### WORK TO BE COMPLETED
From the records below, output exactly the lines starting at the line with "Sveiki !! Ja" and ending at the line with "- Trình bày", both of them included, but no pictures.
____ AVAILABLE DATA
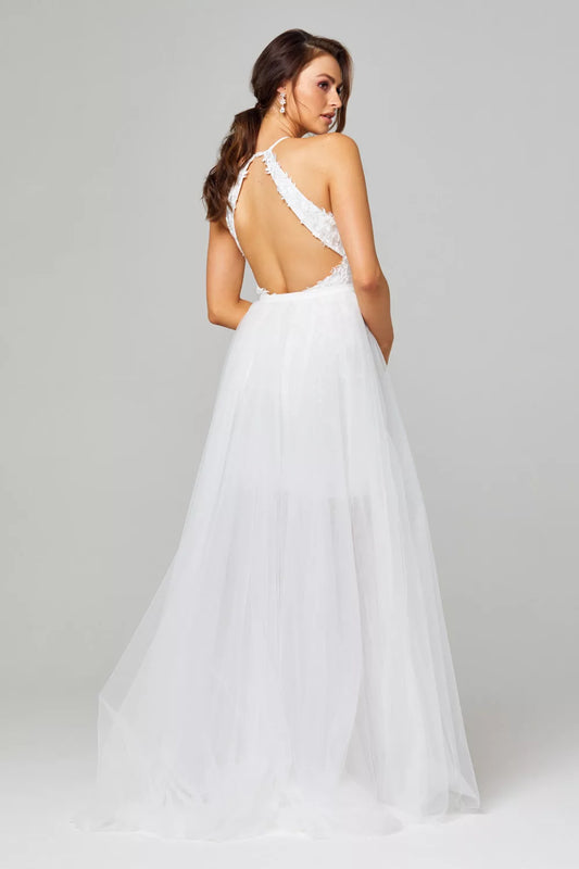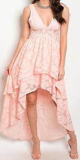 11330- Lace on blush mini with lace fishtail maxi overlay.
________
____ AVAILABLE DATA
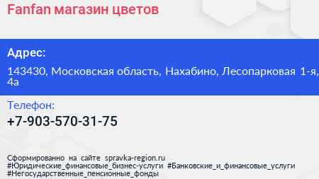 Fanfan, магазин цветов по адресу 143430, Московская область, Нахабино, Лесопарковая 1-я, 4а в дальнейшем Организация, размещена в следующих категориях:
________
____ AVAILABLE DATA
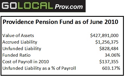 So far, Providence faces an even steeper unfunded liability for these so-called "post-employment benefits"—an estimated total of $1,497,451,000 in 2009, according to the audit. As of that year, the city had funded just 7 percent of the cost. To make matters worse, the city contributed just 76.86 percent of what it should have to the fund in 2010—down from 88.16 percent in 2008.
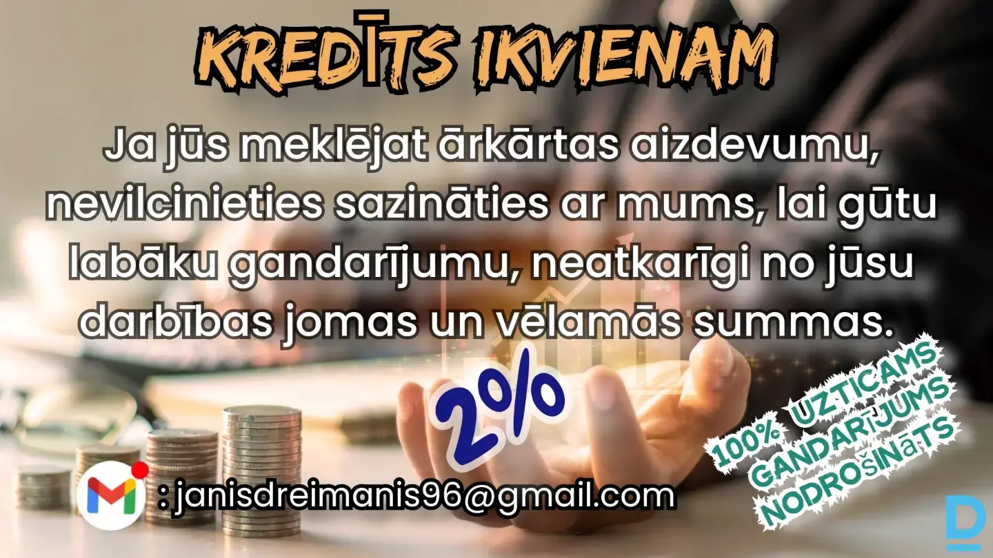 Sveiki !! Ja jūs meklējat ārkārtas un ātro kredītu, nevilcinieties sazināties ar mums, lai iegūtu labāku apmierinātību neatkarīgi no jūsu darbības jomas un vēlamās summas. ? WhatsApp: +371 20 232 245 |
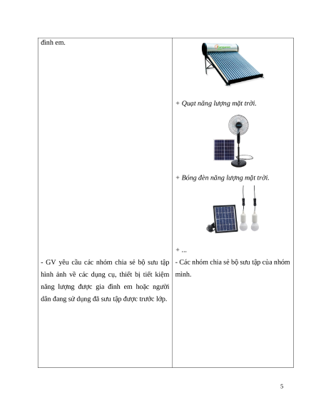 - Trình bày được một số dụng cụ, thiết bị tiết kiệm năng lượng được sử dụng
________
### RESULT FOR THIS EXERCISE
 Sveiki !! Ja jūs meklējat ārkārtas un ātro kredītu, nevilcinieties sazināties ar mums, lai iegūtu labāku apmierinātību neatkarīgi no jūsu darbības jomas un vēlamās summas. ? WhatsApp: +371 20 232 245 |
 - Trình bày được một số dụng cụ, thiết bị tiết kiệm năng lượng được sử dụng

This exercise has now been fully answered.